** Data under study follows **

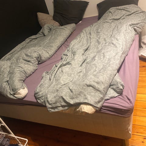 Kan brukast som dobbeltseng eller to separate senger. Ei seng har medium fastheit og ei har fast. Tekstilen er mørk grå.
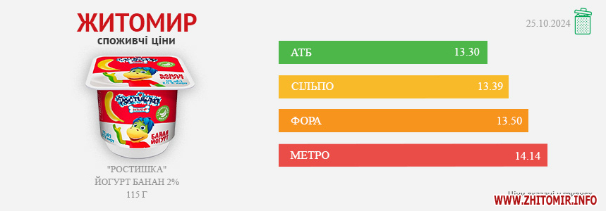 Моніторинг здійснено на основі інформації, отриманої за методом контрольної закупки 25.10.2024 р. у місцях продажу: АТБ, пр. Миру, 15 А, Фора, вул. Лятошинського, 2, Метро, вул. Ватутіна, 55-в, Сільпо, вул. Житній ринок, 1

** End of Data under study **
** Data under study follows **

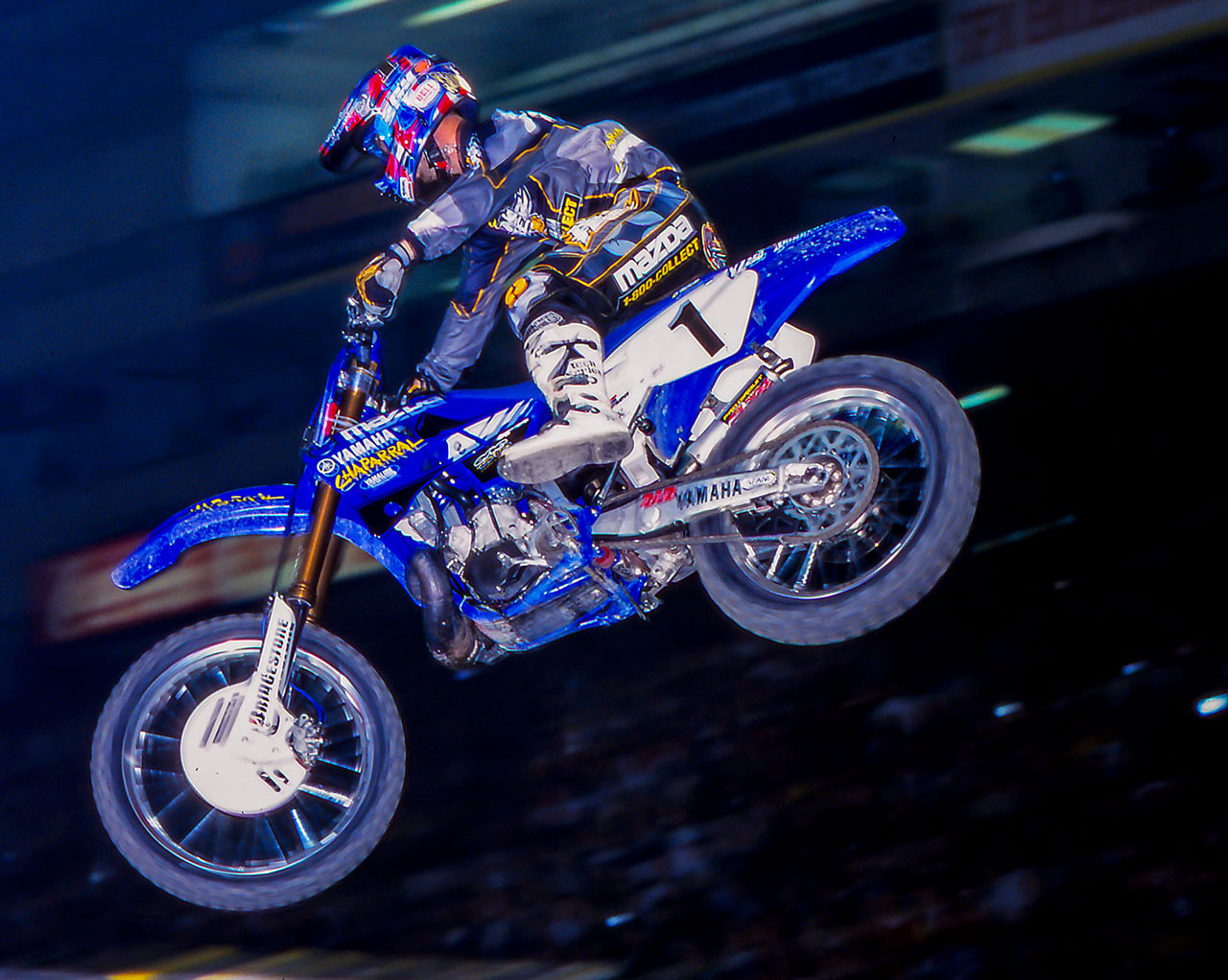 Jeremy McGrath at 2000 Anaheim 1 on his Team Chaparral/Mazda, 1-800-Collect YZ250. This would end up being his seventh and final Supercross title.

** End of Data under study **
** Data under study follows **

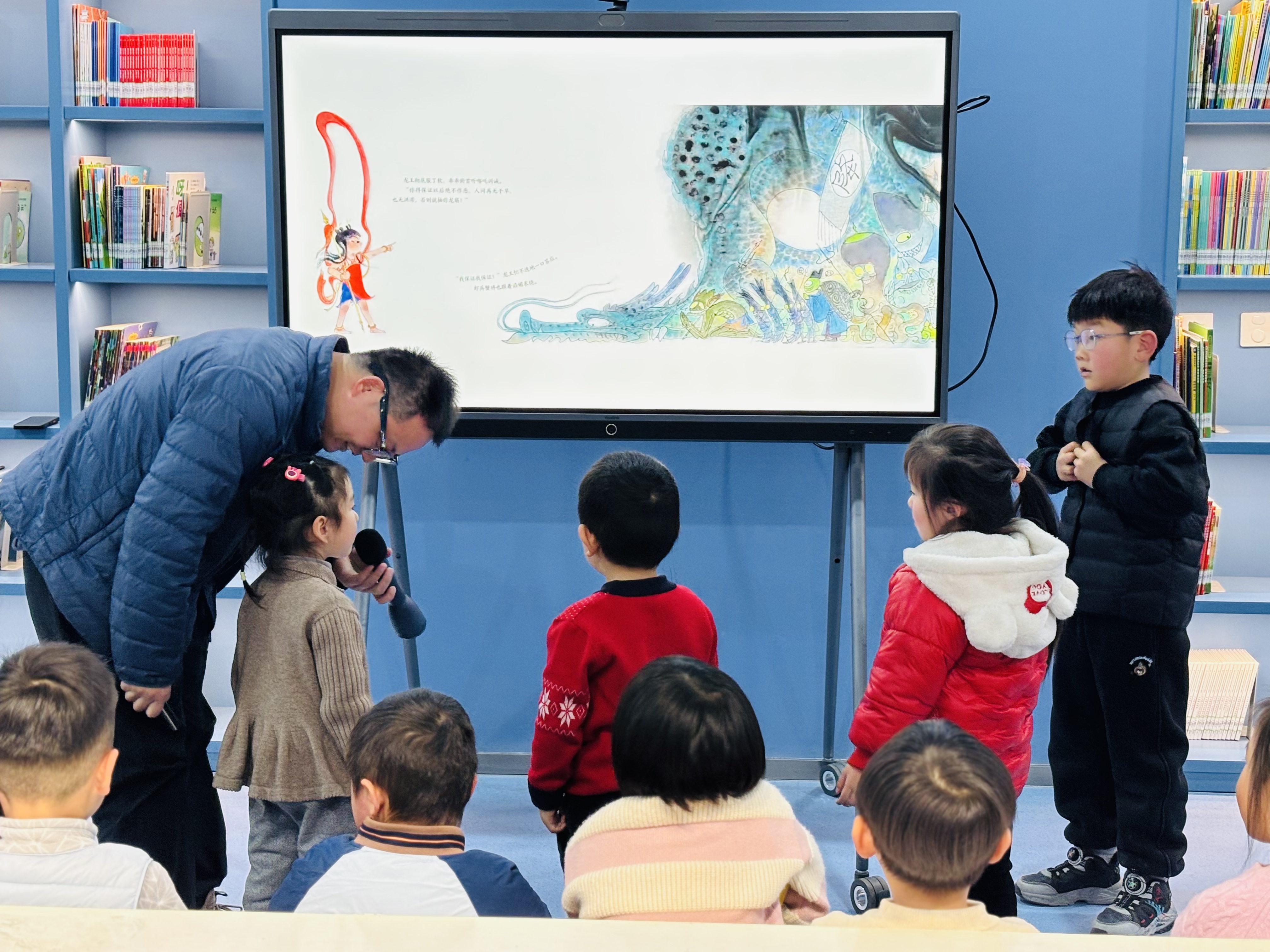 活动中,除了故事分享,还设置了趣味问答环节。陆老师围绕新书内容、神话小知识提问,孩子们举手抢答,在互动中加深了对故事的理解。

** End of Data under study **

▶ **What to work on**
Please copy out from the data above, without any picture, exactly the lines running from the one that holds "Kan brukast som" through the one that holds "Моніторинг здійснено на", and nothing beyond them.

▶ **Answer area**
 Kan brukast som dobbeltseng eller to separate senger. Ei seng har medium fastheit og ei har fast. Tekstilen er mørk grå.
 Моніторинг здійснено на основі інформації, отриманої за методом контрольної закупки 25.10.2024 р. у місцях продажу: АТБ, пр. Миру, 15 А, Фора, вул. Лятошинського, 2, Метро, вул. Ватутіна, 55-в, Сільпо, вул. Житній ринок, 1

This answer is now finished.